── Records supplied

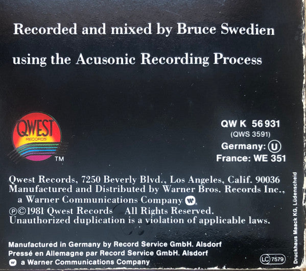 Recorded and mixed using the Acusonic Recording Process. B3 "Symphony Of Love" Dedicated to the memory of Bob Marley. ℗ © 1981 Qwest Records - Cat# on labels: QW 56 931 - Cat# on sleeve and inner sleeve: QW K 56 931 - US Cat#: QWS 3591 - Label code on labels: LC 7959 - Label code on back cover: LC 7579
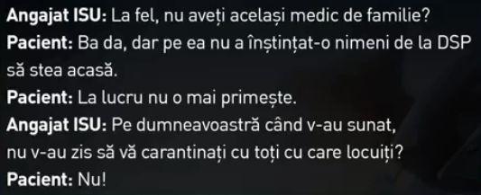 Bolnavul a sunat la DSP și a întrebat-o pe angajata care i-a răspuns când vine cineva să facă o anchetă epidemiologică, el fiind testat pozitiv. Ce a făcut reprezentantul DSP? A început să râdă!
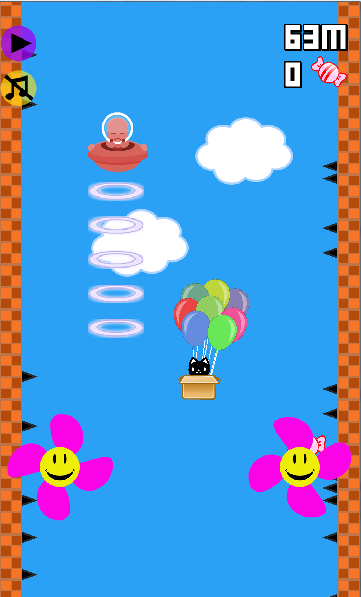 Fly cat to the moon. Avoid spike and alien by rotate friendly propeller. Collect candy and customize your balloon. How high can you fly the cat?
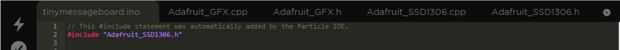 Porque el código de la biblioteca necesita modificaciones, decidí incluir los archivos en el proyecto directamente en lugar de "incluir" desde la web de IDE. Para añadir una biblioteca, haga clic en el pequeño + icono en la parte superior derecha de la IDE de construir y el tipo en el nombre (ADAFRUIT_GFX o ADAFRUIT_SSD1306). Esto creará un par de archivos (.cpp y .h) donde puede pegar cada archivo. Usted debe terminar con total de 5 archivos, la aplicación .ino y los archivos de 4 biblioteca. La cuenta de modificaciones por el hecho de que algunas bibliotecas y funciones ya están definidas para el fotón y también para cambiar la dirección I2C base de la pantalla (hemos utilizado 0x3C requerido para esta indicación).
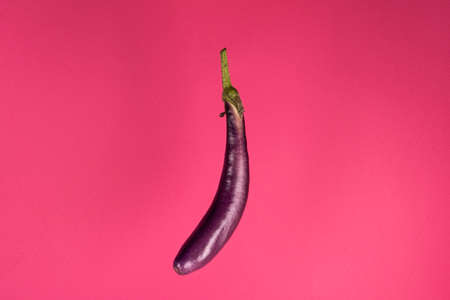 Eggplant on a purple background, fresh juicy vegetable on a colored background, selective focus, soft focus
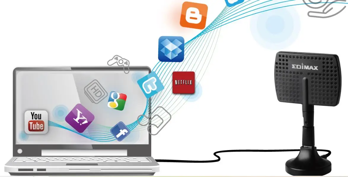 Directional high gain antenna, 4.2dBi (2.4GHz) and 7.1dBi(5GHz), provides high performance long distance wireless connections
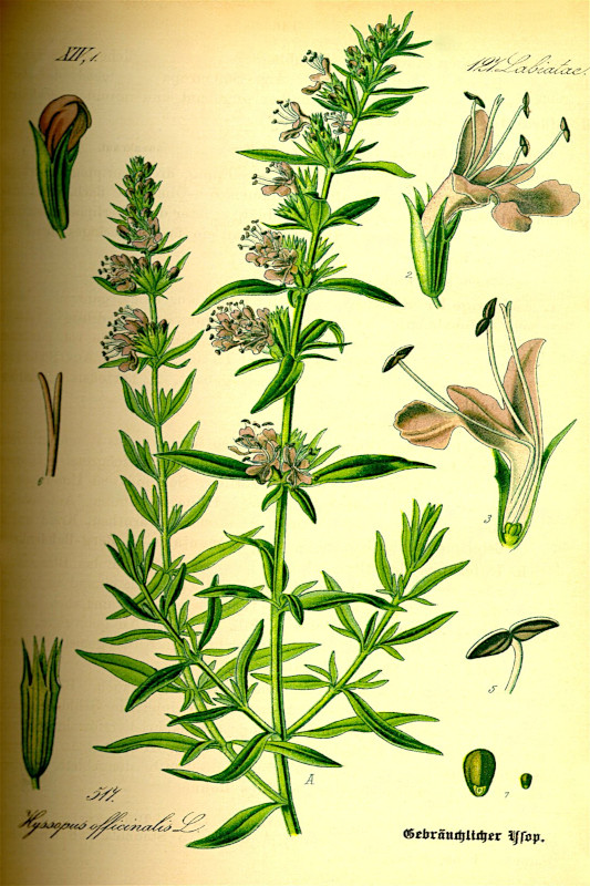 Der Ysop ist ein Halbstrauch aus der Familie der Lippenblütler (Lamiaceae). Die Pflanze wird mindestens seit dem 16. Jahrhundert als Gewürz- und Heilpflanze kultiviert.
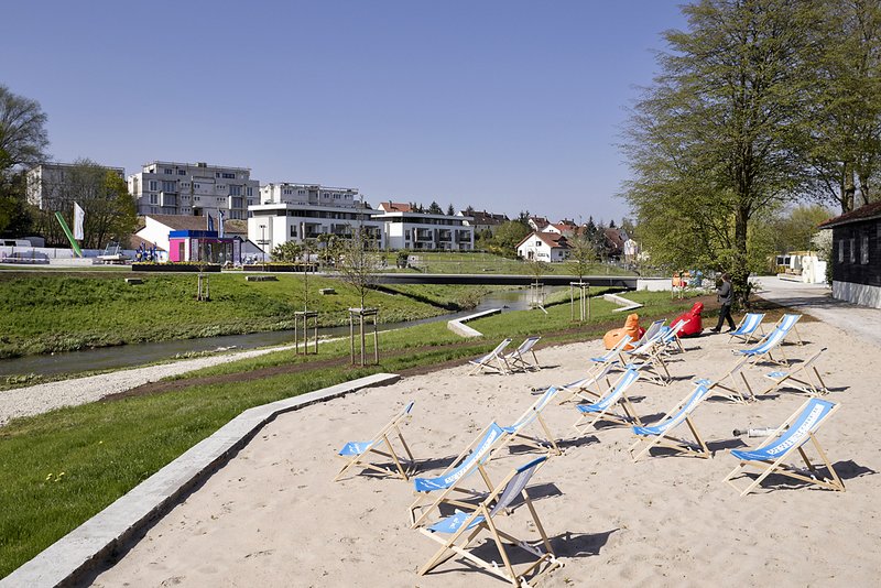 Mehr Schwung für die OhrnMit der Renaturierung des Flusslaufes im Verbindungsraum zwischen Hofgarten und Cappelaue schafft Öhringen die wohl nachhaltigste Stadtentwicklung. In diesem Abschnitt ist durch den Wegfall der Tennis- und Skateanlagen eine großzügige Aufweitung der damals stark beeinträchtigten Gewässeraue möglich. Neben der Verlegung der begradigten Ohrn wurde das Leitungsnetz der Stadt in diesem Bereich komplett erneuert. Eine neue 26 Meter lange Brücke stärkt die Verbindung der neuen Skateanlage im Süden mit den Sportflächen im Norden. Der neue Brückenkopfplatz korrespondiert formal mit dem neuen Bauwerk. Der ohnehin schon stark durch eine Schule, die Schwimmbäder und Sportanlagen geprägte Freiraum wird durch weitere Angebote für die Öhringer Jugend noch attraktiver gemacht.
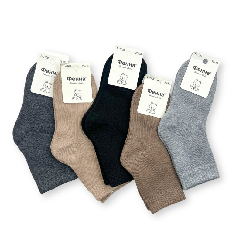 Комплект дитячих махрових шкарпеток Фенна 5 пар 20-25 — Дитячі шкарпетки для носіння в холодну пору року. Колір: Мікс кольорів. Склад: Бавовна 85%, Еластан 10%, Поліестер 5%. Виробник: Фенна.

────
── Records supplied

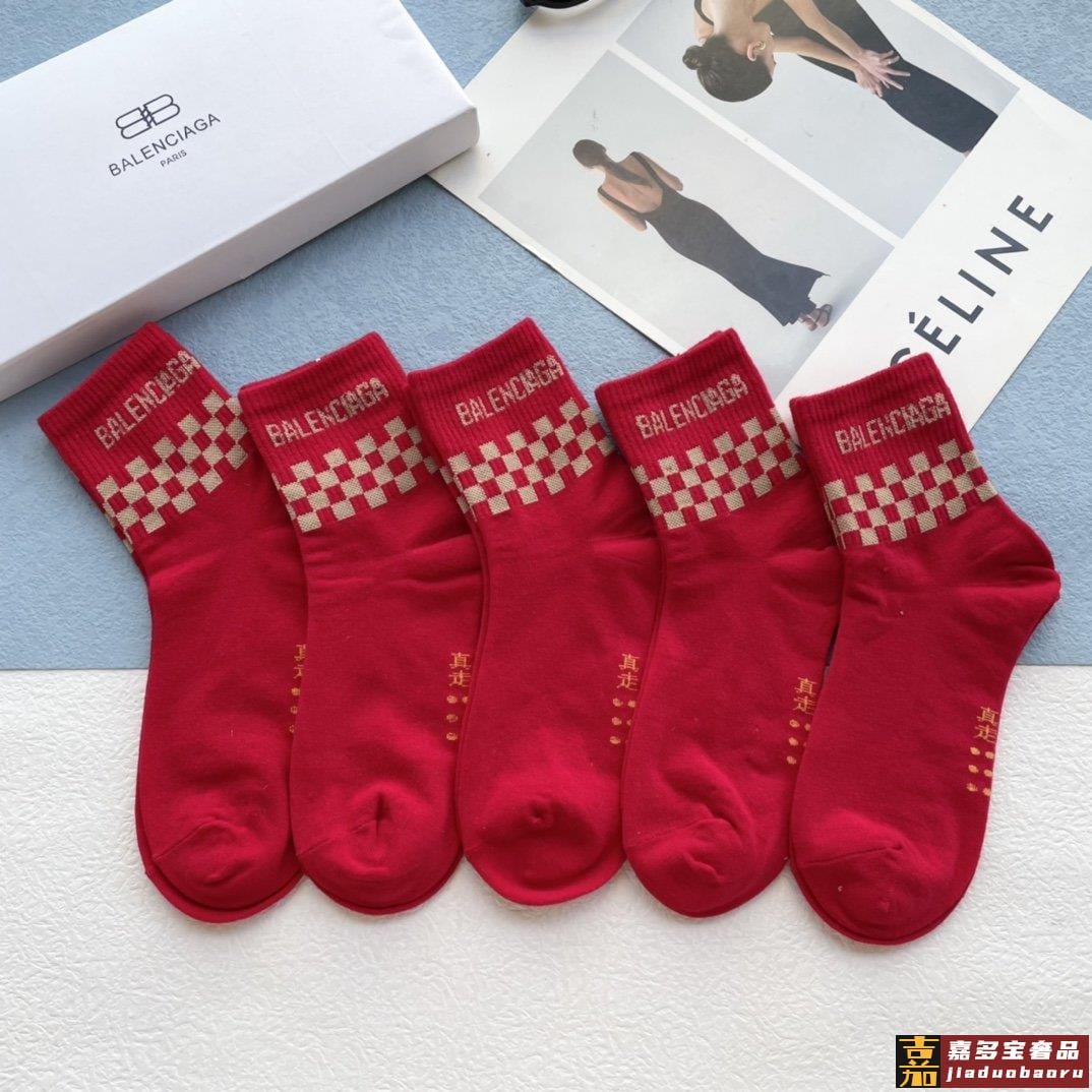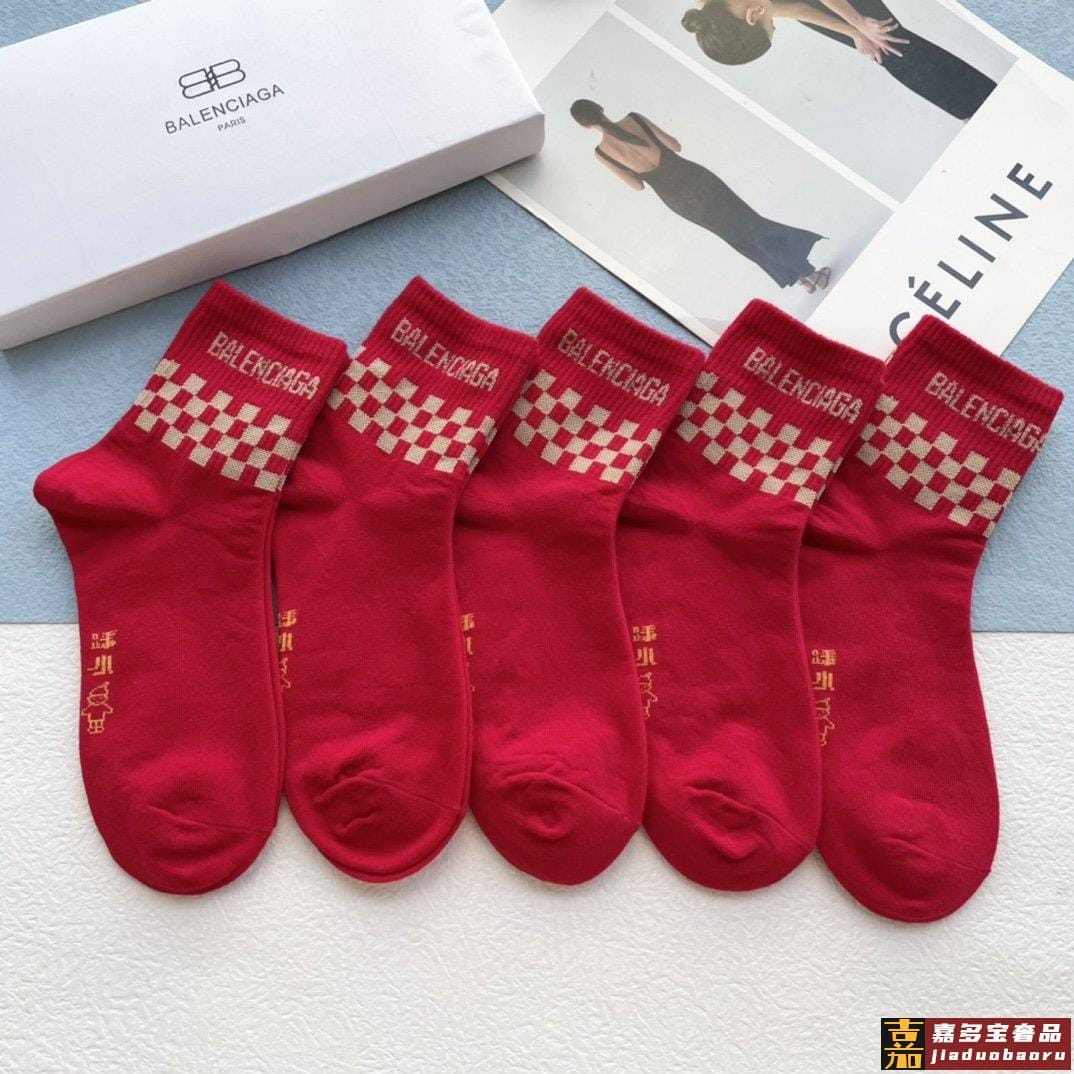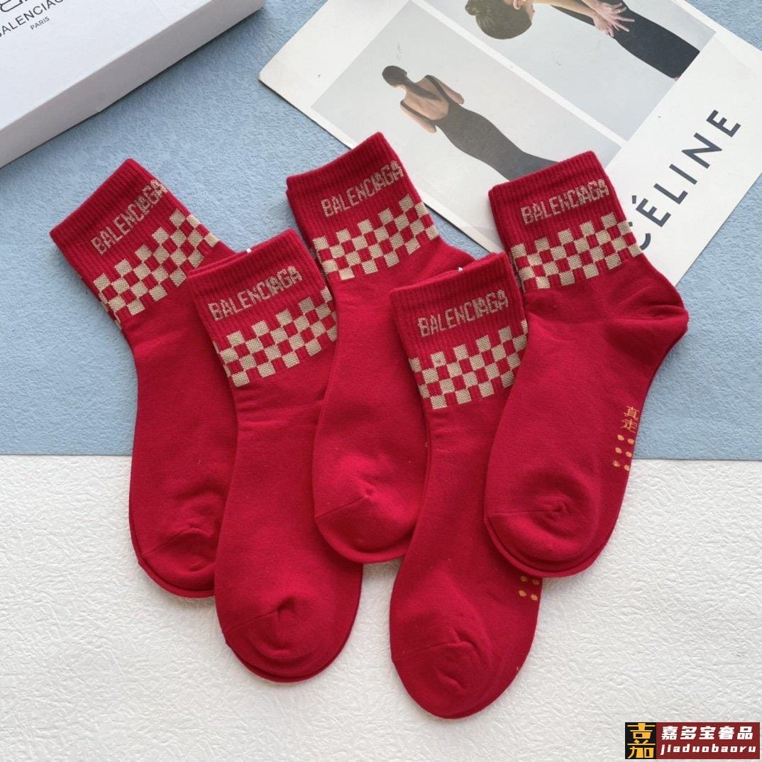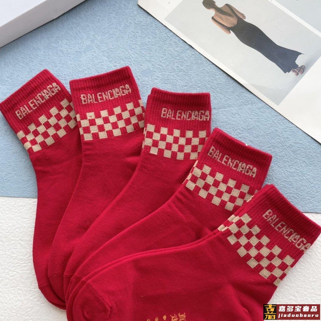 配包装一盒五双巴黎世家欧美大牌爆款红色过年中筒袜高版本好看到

────

Pictures are to be left out. Write out only the lines above starting at the one with "Recorded and mixed" and ending at the one with "Bolnavul a sunat", both lines included, exactly.

 Recorded and mixed using the Acusonic Recording Process. B3 "Symphony Of Love" Dedicated to the memory of Bob Marley. ℗ © 1981 Qwest Records - Cat# on labels: QW 56 931 - Cat# on sleeve and inner sleeve: QW K 56 931 - US Cat#: QWS 3591 - Label code on labels: LC 7959 - Label code on back cover: LC 7579
 Bolnavul a sunat la DSP și a întrebat-o pe angajata care i-a răspuns când vine cineva să facă o anchetă epidemiologică, el fiind testat pozitiv. Ce a făcut reprezentantul DSP? A început să râdă!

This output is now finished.